28:41 - And it works even better if you then do have other data sets at other scales that give you information. If you need to dive into this literature these sorts of things are often referred to as change of support problems in the stats literature, because you’re dealing with integrating data across different scales. In the spatial stats literature there’s also a whole series of examples in the literature dealing with, for example, combining point data with aerial extent data, whether it be polygon or raster. Other take away is that the way our GIS does it is completely wrong. (laughs) They do all of their upscaling and downscaling without any accounting for uncertainty; ARC would just smooth it.

29:34 - The nice thing about the state-space approach is when you ask it to disaggregate information you have the full posterior about the thing you disaggregated. You don’t just have an interpellated surface, which can be really important because if I was taking this map and feeding it into some other analysis as a covariant or as an input I don’t want to treat each of those disaggregated pieces of information as if they were data, because you can result in a lot of false confidence. I could set this up at some fine spatial resolution and have millions of data points entering into the next stage of the analysis. I don’t really have millions of data points, I have like thirty townships. So changing of support, changing of scales, can create a false impression of more information than you actually have.

30:28 - By contrast if we do this in a Bayesian way, not only do we have the uncertainty, but remember when we draw things from posteriors we draw them jointly, so you might draw a whole row. So you might draw a whole map that would account for the uncertainties appropriately. The next challenge that I’ve seen a lot, when it comes to data fusion is our challenges with identifiability. In my line of work the classic example of this are eddy covariance towers. If you’ve not seen these before they’re a cool bit of technology.

31:06 - You set up a scaffold in an ecosystem and it has a bunch of toys on them that measure wind speed using sound waves and concentrations of gas using lasers, and it’s cool. It’s neat because it can measure the net flux of gases between the atmosphere and the land surface, most commonly the CO2 flux and the water flux. So it might give me the net carbon flux in and out of the system and the net water flux in and out of the system. Okay, but that’s made out of a whole bunch of underlying processes. And there’s literally an infinite way to get that net flux from all the trade offs among these different processes.

31:53 - So if all you observe is the net it’s very hard to disentangle that.
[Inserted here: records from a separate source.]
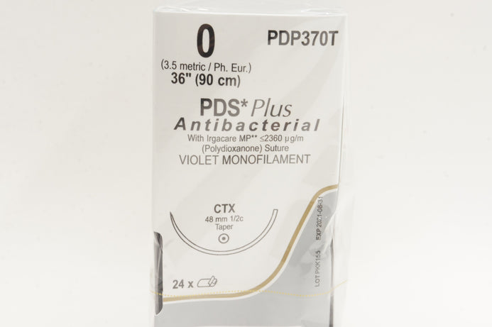 Ethicon PDP370T 0 PDS Plus Antibacterial Stre CTX 48mm 1/2c 36inch - Box of 24
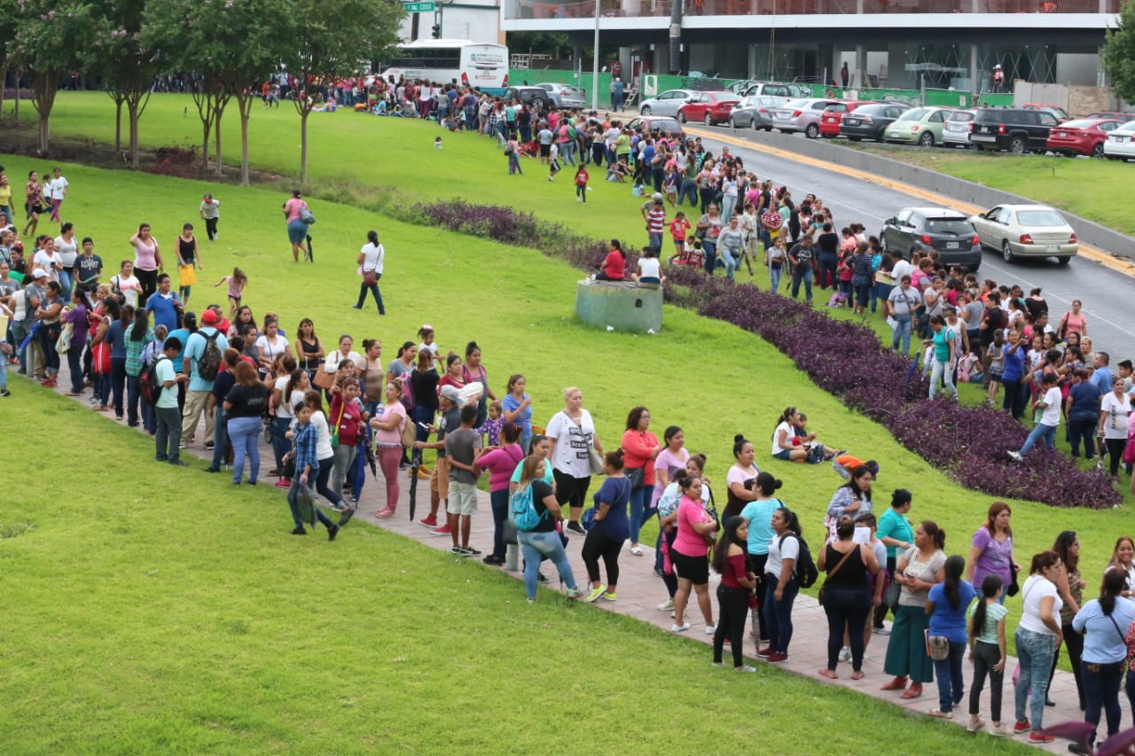 A decir de Genaro Alanís, secretario de Desarrollo Social del Estado, desde las 4:00 horas madres de familia se encontraban haciendo fila para canjear el bono de 300 pesos que el Gobierno les dio por útiles escolares en la feria que está instalada en la Explanada de los Héroes.
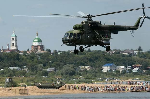 3. Tο Mil Mi-8 είναι μεταγωγικό ελικόπτερο εφοδιασμένο με δύο τουρμπίνες και παράγεται από την εποχή της Σοβιετικής Ένωσης. Σήμερα χρησιμοποιείται όχι μόνο για τη μεταφορά οπλιτών, αλλά και ως κανονιοφόρο παρατηρητήριο και κέντρο διεύθυνσης πυρός.
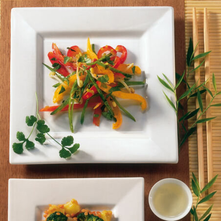 Lecker und gesund: Diese exotische Kombination aus Paprika, Zuckerschoten, Sojabohnensprossen und Frühlingszwiebeln eignet sich perfekt als Vorspeise oder Beilage.
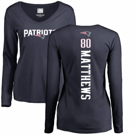 NFL Women's Nike New England Patriots #80 Jordan Matthews Navy Blue Backer Slim Fit Long Sleeve T-Shirt

So, this is, again, an example where synthesis is very valuable because if I have that net flux but I also combine that with a lot of detailed information about specific processes than I have way of starting to disaggregate it. So this is an example where I might have a model that has multiple processes and some observations constrain the aggregate that comes out of it and others constrain parts. A population analog, again, would be something like an age or stage structured model where I might have detailed information about specific transitions, I might have individual level data, and then I also might have population level data that’s constraining the net overall behavior of this system and then combine both of those pieces of information. This study, don’t by Trevor Keenan a few years ago, I thought was a neat example of exploring some of the challenges of fusing multiple pieces of information and trying to understand the information contribution of different sources of information.
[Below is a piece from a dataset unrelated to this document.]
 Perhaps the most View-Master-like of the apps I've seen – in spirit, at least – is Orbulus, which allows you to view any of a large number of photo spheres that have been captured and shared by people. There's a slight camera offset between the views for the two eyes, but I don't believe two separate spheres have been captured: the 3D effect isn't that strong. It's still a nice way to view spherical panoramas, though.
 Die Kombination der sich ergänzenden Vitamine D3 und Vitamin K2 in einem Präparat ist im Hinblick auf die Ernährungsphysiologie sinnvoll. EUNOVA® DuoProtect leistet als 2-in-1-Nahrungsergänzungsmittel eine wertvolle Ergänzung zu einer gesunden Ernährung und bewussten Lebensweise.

33:07 - Each of these are different data sets and this is actually an attempt to restrain a carbon cycle model at Harvard Forest. Harvard Forest is an LTER and NEON site that’s about an hour and a half due west of us, in central Mass. What we see here is the posterior distribution of our error estimate on a log scale. And when he starts with just the first data set it’s kind of off the scale. Then here’s the posterior estimates of individual parameters plotted as violin plots.

33:41 - Then here is his carbon cycle prediction from 2000 out to 2100. We can see that there’s a good bit of uncertainty in the forecast, a lot of uncertainty in the parameters, and a lot of process error. What he did was he went through and assimilated one data set at a time, kind of that iterative process, take the posteriors from one, feed it as the priors for the next. You can see how, when he added different data sets, how he constrained the overall error, constrained individual parameters, some of which still never ended up well constrained, and then how that affected the forecast error in the end. Trevor’s working with a fairly simple model, so he was able to do something that I rarely do, which is he did this as a forward selection problem like he would do in a regression.

34:32 - Where the first stage he literally tried fitting every single data set by itself and said, “Which data set gave me “the best constraint on the model?” So the first thing at the top was actually the single data set that gave the best constraint on the whole system. He then said to the N minus one data sets remaining, I fit all of them, conditional on the posterior from this, and said, “What’s the second most important data set?” This why it’s called “Rate my data”. He could actually say what was the order of importance of the data. And as a nice contrast to the idea of the value of multiple constraints, Trevor will also point at that when you get to the end there’s also the reality of redundancy. That two pieces of information may be providing you essentially the same constraint on the system.

35:28 - While they still constrain parameters, they’re not nearly as valuable as additional, independent axes of constraint. For example, he found that some of the explicit phenological measurements were not as valuable because a lot of the information about phenology was already embedded in the flux data. This isn’t the last thing I want to focus on but it sets me up for, what I think is, one of the biggest and most underappreciated challenges in data synthesis which is what happens when you combine data sets that are not equal in size. If I have the same number of samples from 10 different data sets, I combine them together, I get a decent constraint, they all contribute, roughly, equally. If I have something like this. This is the NAE data, so this is half hourly data throughout the year.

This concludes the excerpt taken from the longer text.